Exact copy, no pictures: return only the lines below from the line with "O companheiro Nilto" up to and including the line with "图5. (A、B)卵巢透明细".

→ **Data listing**
╭──

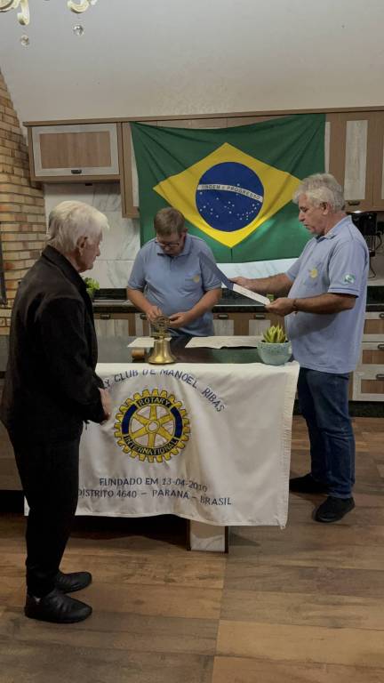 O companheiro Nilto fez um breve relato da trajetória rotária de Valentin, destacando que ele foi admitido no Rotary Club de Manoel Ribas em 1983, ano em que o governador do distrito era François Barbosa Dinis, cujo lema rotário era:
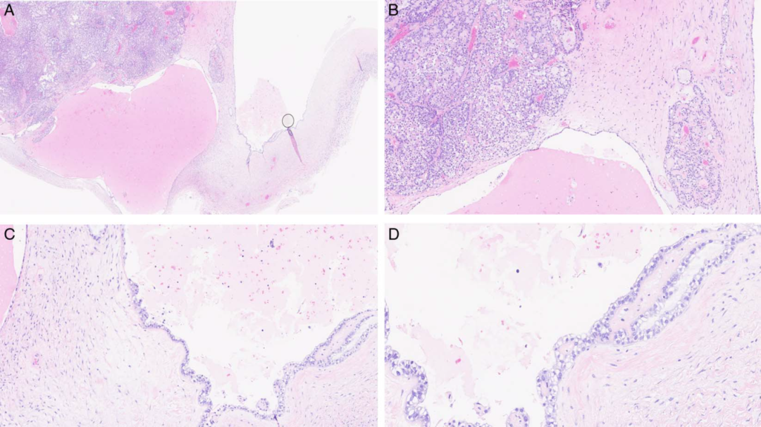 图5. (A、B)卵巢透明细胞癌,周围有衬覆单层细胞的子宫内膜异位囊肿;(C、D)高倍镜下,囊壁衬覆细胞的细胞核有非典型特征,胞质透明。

╰──
╭──

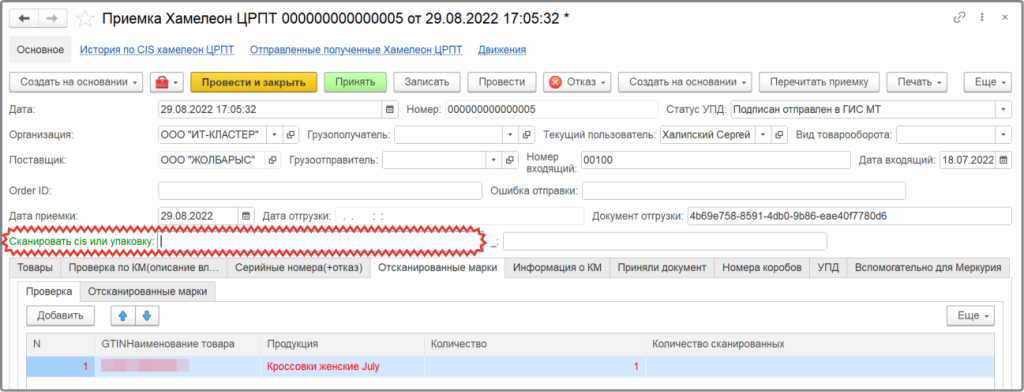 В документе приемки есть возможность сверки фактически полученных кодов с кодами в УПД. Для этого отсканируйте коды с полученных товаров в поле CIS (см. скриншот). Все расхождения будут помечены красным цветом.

╰──

→ **Solution for this problem**
 O companheiro Nilto fez um breve relato da trajetória rotária de Valentin, destacando que ele foi admitido no Rotary Club de Manoel Ribas em 1983, ano em que o governador do distrito era François Barbosa Dinis, cujo lema rotário era:
 图5. (A、B)卵巢透明细胞癌,周围有衬覆单层细胞的子宫内膜异位囊肿;(C、D)高倍镜下,囊壁衬覆细胞的细胞核有非典型特征,胞质透明。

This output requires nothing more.